When that happens, they'll let you do your thing without bothering you at first, but after you get things up and running, "inspectors" start showing up, telling you that your permits have not been completed yet, and that more "donations" are necessary.

You see, it's not in their best interest to actually grant you those permits, because the moment they finally liberate them, their steady source of income dries out.

Things have been improving lately, though. And probably the last permits that operate in such a clandestine way anymore are related to alcohol sales in mom-and-pop's small supply stores, small restaurants, and the like. And of course, there are parts of this country that are far more civilized than the average rest.

Bad as things are, they're far better than the Mexico that I remember from the 60's and 70's.
 

spinnaker

Joined Oct 29, 2009
7,830
That's very much the way things work down here too. Except that when you actually meet all of those regulations, and try to do things legally, then what they will do is delay delay delay EVERYTHING... telling you that those permits are being processed (sometimes it takes years) and that in the meantime, if you wish to speed things up a little, a "donation" would be in order.
When that happens, they'll let you do your thing without bothering you at first, but after you get things up and running, "inspectors" start showing up, telling you that your permits have not been completed yet, and that more "donations" are necessary.

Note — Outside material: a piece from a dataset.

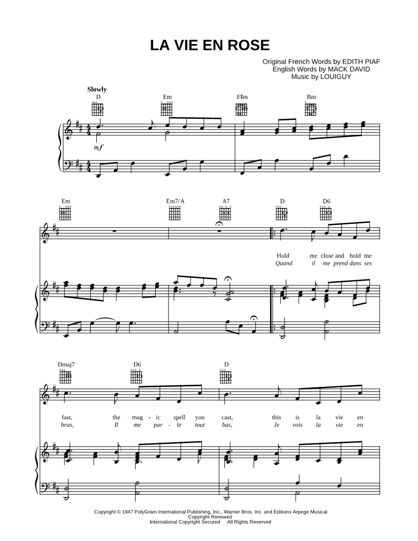Hold me close and hold me fast, the magic spell you cast, this is la vie en rose. |

You see, it's not in their best interest to actually grant you those permits, because the moment they finally liberate them, their steady source of income dries out.

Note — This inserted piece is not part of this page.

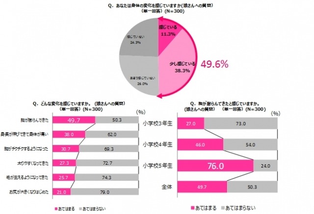 1.プレ思春期の娘の49.7%、小学5年生では76.0%が胸の変化を感じている

Things have been improving lately, though. And probably the last permits that operate in such a clandestine way anymore are related to alcohol sales in mom-and-pop's small supply stores, small restaurants, and the like. And of course, there are parts of this country that are far more civilized than the average rest.

Bad as things are, they're far better than the Mexico that I remember from the 60's and 70's.
Do you also have problems with getting things imported? My friend lived in Antigua. Pretty much everything there needs to be shipped in when you order it. If he ordered something like a computer, it would end up costing him nearly twice what he paid for it. First there were the high taxes on imports. Then he would need to pay the customs office to make sure the computer did not get "stolen".

He also had to pay to get some to hook up the phone, cable etc or else he would have waited for years.
 

#12

Joined Nov 30, 2010
18,224
when you actually meet all of those regulations, and try to do things legally,
This reminds me of one time I went to the Division of Motor Vehicles to get a temporary license plate so I could get an emission check on a car I was rehabilitating. I was just trying to obey the law by getting the tailpipe sniffed and trying to obey the law by having a proper license plate to drive the car to the emissions inspection. The first thing I heard was, "This is the last one you're going to get." Thanks. This is the first one I ever asked for. Are you saying there is a "one per person per lifetime" limit on temporary license plates, or just a limit of one for this car? She didn't answer.

Then the lady demanded that I swear the odometer was correct, and it wasn't. I had replaced half the dashboard instruments, but I signed, anyway. When I sold the car, I crossed out the perjury and the DMV made me pay for a title to replace the one I told the truth on and another title to transfer ownership to the buyer.

I guess that was when I decided to do whatever the bureaucrat says, then do it my way after he/she has signed off on the paperwork. This has never caused a problem because my standards of workmanship are higher than the standards of my government. They think their job is to write a law controlling every aspect of the world and human behavior. I don't.